Славка не затерялся в нем потому, что страна, по которой проходил он, выпестовывала людей и умела смягчать самые ожесточенные и самые черствые сердца.
Не сразу стало мягким сердце Славки, не сразу согрелся он в новой обстановке, не сразу привык к новой жизни. Бывали дни, когда Славка уже совсем укладывался, чтобы бежать от работы, от учебы, на которую его пристроили. Бывали дни, когда Славка тянулся к вещам и ценностям, ему не принадлежавшим. Бывали минуты, когда Славка тосковал о вольной жизни, о путешествиях зайцем в поездах и на пароходах. Но дни эти и минуты проходили. Откуда-то приливали силы, помогавшие бороться с соблазнами прошлой жизни и прошлых привычек.
И Славка оставался возле своего верстака, рядом с товарищами. Рядом с новыми товарищами. Славка оставался с людьми, которые раскрывали перед ним новый мир.
Первым таким человеком была та женщина в белом. Старая и, повидимому, много страдавшая на своем веку женщина в белой косынке. Она первая отогрела Славку и немного примирила с «чистыми», честными людьми. Она же свела его с хмурым, но таящим в себе неисчерпаемую нежность к человеку, Прохором Пятихатным.
Прохор Пятихатный приучил Славку к работе, заразил его своей жадностью созидания. Через этого старого слесаря, старого большевика и старого бобыля, Славка приобрел новых товарищей. Прохор Пятихатный был первым человеком, который порадовался успехам Славки и в учебе и в работе. Порадовался от души.

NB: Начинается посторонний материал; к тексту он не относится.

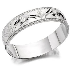 The ring is diamond cut or engraved with unique patterns to add detail.
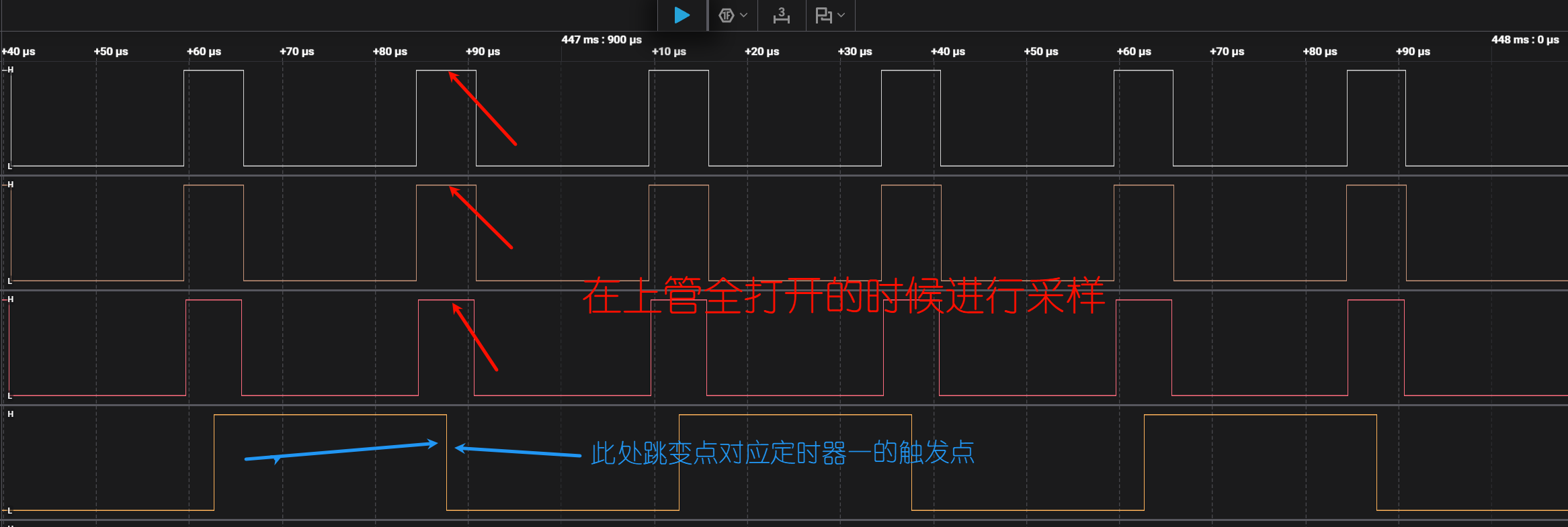 下图采样为错误示范,跳变点应该在上三相低电平中点(对应Pulse=ARR)

— Эту штучку, Синельников, ты обточил замечательно! — сказал он однажды насторожившемуся Славке, беря с его станка только-что сделанную деталь. — По совести скажу: работа настоящая!..
По настоянию Прохора Пятихатного Славка стал разыскивать мать. Но разыскать ее не удалось. Об отце Славка говорил неохотно. Но Прохору Пятихатному он однажды рассказал все, что сам знал об Александре Викторовиче Синельникове.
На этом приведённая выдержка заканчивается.